=== Exercise description ===
The answer must consist solely of the lines from the line with "捣碎的南瓜泥凉凉倒入面包机里,加入面粉用筷子搅拌一下再倒入酵母。" to the end of the data below, transcribed exactly and with no pictures.

=== Source material ===
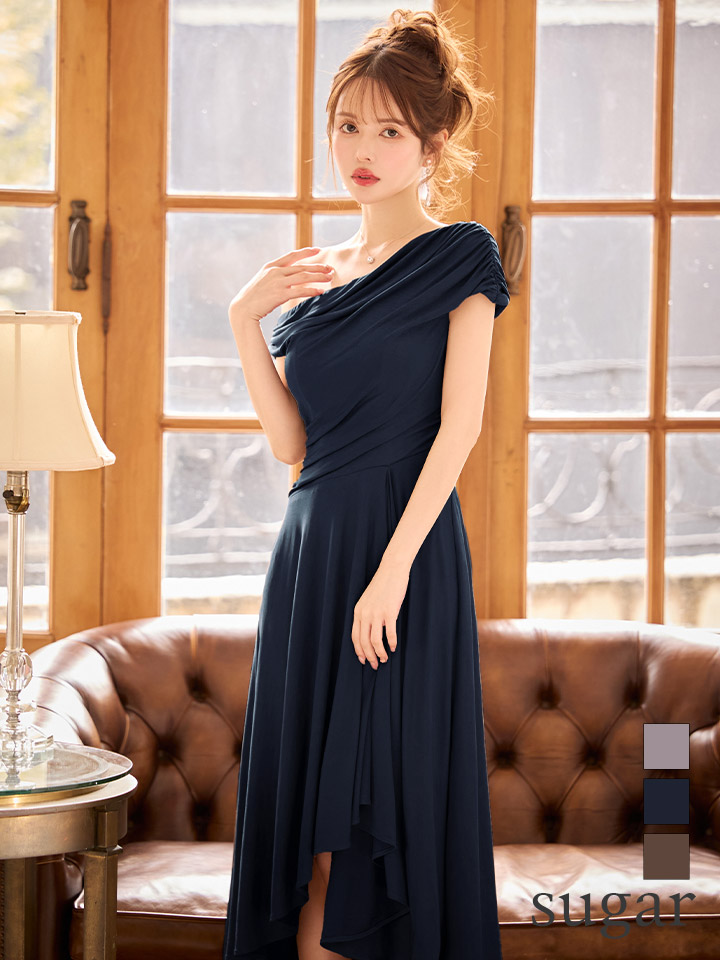 - > XSサイズあり【Veautt/ヴュート】【OF05】ワンショルダー/ アシンメトリー/ フレア/ ミディアムドレス/ キャバドレス
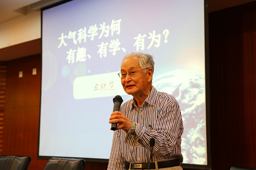 丑院士围绕大气科学“有趣”、“有学”、“有为”三个特点进行阐述,旁征博引、深入浅出,全面系统地讲解了大气科学学科的相关入门知识,并针对大气科学的重要性、与气象学科相关的前沿科技领域、自然灾害对人类活动的影响等几个方面的问题,图文并茂、生动有趣地向在座师生细致讲解。他认为,大气科学是一门直接面对大自然的自然学科,正所谓“气象万千”,我们对此做出预测并加以验证,这是件十分有趣的事。随着人类社会经济科技的飞跃发展,我们更需要不断地学习和掌握卫星、雷达、全球定位系统(GPS)和运用巨型计算机进行数值模拟等高科技手段进行大气科学的研究。
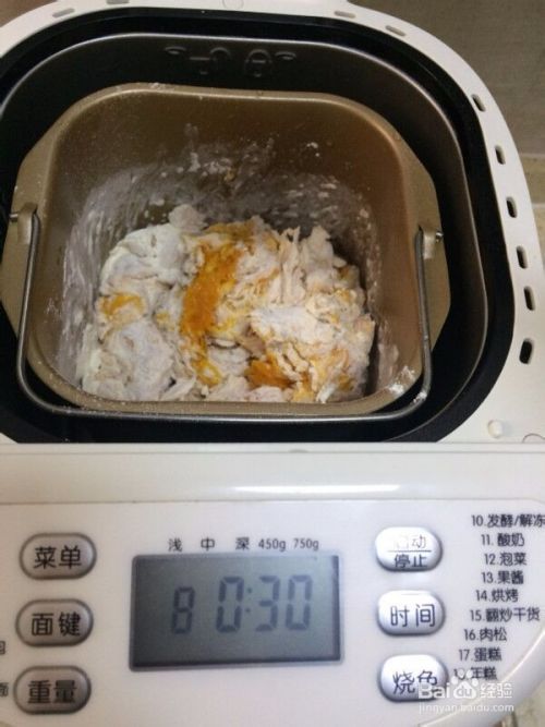 捣碎的南瓜泥凉凉倒入面包机里,加入面粉用筷子搅拌一下再倒入酵母。
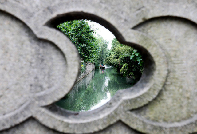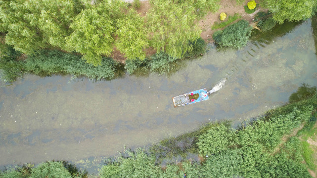 6月4日,环卫工人在江苏苏州吉庆河上进行河面清洁作业。新华社发(杭兴微 摄)

=== Solution to the exercise ===
 捣碎的南瓜泥凉凉倒入面包机里,加入面粉用筷子搅拌一下再倒入酵母。
 6月4日,环卫工人在江苏苏州吉庆河上进行河面清洁作业。新华社发(杭兴微 摄)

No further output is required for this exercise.